Sunday, June 01, 2008

Soccer: Congrats to Canada

(Photo from Ness at MLS Seattle: you can read his game recap here)

The Canadian national soccer team turned in a great performance against Brazil Saturday night in Seattle. They eventually fell 3-2, but they certainly proved that they deserved to be on the same pitch as one of the world's best sides (Brazil is currently ranked second in the world), something that even the stoutest Canadian fans might have questioned during the lean times. Really, the difference in the final score was only due to an ill-timed back pass from midfielder Julian de Guzman, who certainly shouldn't be treated too harshly: he had a brilliant game all around and scored a lovely second goal for Canada, proving why he's a deserving member of the side. Now, if only his brother was available as well...

Still, the overall impression from the game absolutely has to be positive. Canada also could have had another goal if Issey Nakajima-Farran hadn't missed an empty net on a breakaway: he chipped Brazilian keeper Julio Cesar brilliantly, but put the ball wide of the target. Overall, the Canadians, ranked 62nd in the world, hung right in there with a top-class Brazilian squad sixty places above them. This was by no means a throwaway side, which makes Canada's performance all that much better: it provided something frequently lacking in Canadian soccer, a real reason to hope.
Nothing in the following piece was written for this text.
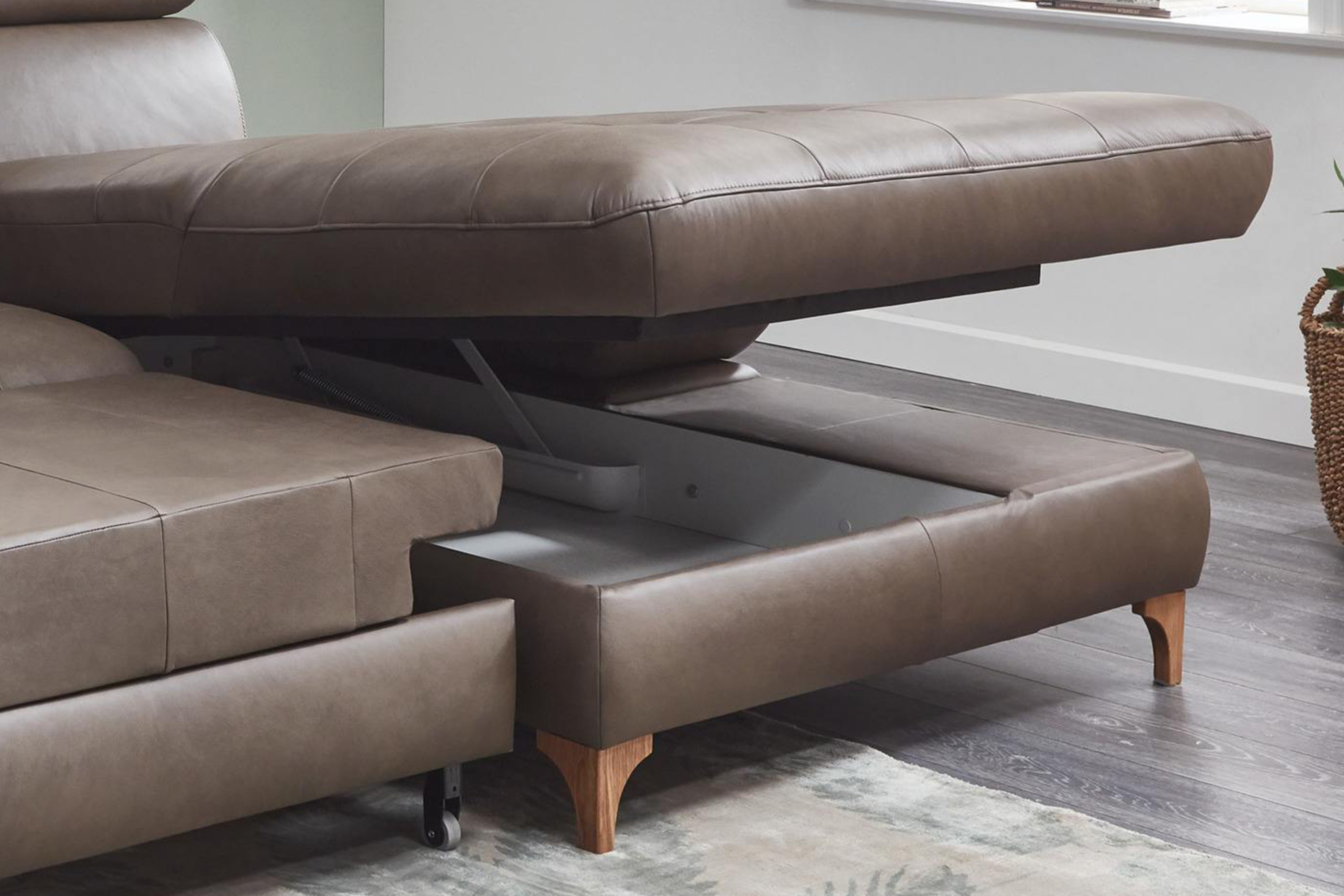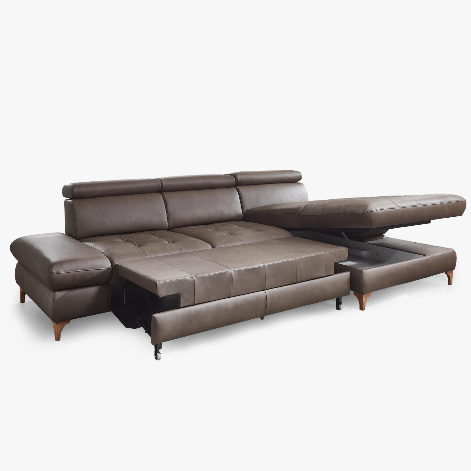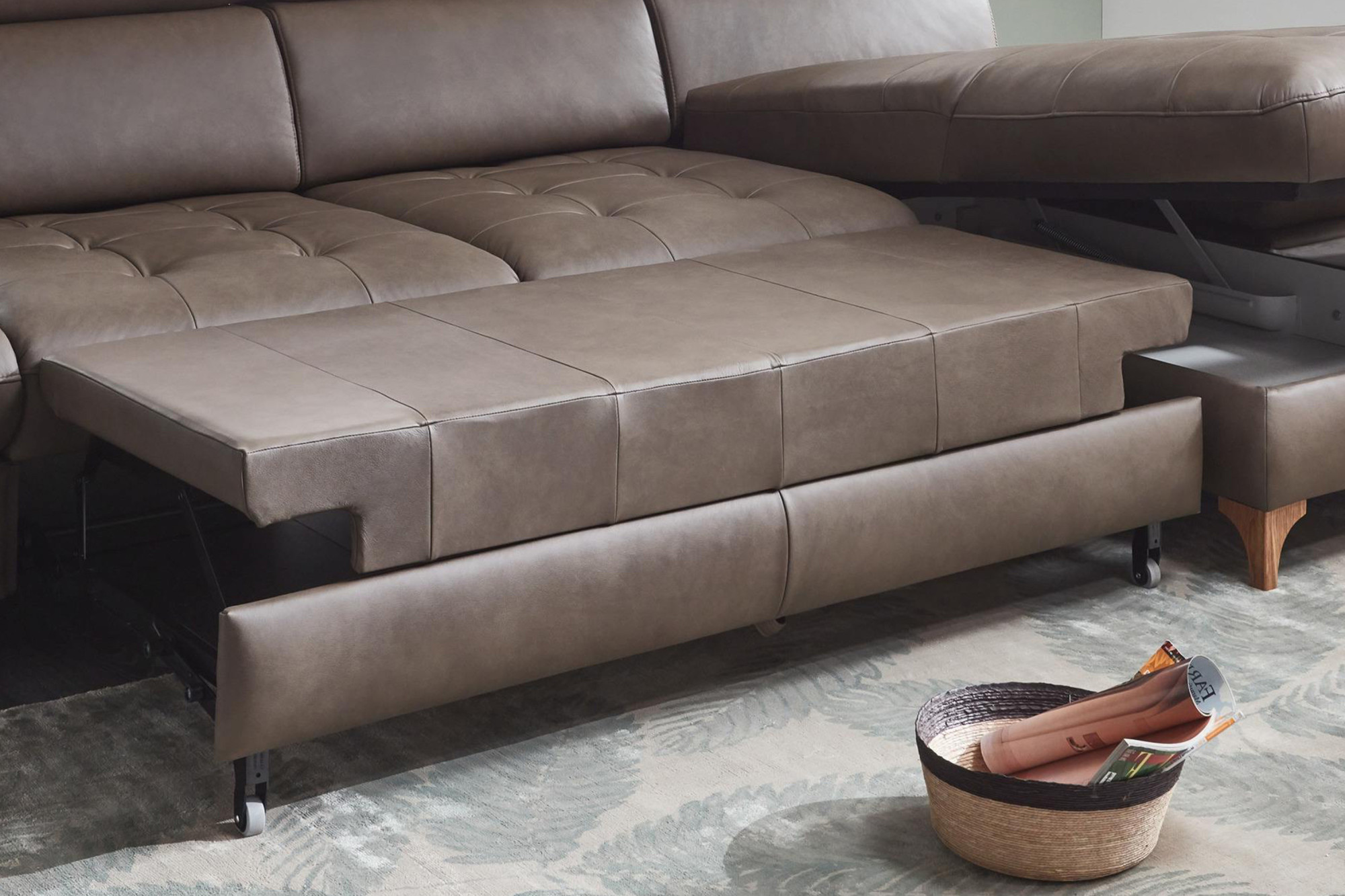 * Auf dem Foto ist ein Sofa mit Schlaf-Funktion zu sehen, das Modell trägt die Bezeichnung 2300_78_BETT.E, verstellbares Kopfteil Typ B, Beine Typ 3 in der Farbe Wildeiche und in Punch Delphine Leder mit Steppnähten, die bei der Bestellung des Sofas in Leder erforderlich sind.

Consider de Guzman's post-match comments to Jim Morris of The Canadian Press:

"It shows Canada has taken it to another level," said de Guzman, who also scored a goal, forced the Brazilian keeper to make a good save on another shot, and was one of the best Canadians on the pitch.
"I think this is the best team we have ever fielded. We have something going for us."

Obviously, this bubble's too good not to pop. With that in mind, let's take some imaginary questions from the critics, who will undoubtedly spring up out of the woodwork within a couple days to dismiss the meaning of this match and crush the hopes of our nation of soccer fans once again.

Q: Mr. Bucholtz, you say that Canada was truly in the match and didn't look out of place. How do you defend yourself against charges of pure homerism?

A: An excellent question. Sure, I may be a little biased, but you don't have to believe me on this one. Consider the lead paragraphs from the aforementioned Mr. Morris' story:

A strong performance against one of the best soccer teams in the world shows the potential and promise of the men's national team as it ramps up for World Cup qualifying play.

Canada held its own in a 3-2 loss to Brazil on Saturday night in an international friendly played before over 47,000 fans at Qwest Field. If not for a bad pass by midfielder Julian de Guzman late in the game, and a miss on a clear breakaway by Issey Nakajima-Farran in the first half, the Canadians could have walked off the pitch with a tie, or maybe even the upset.

Q: Ah, but he writes for the Canadian Press! Clearly, he's got the same bias you do!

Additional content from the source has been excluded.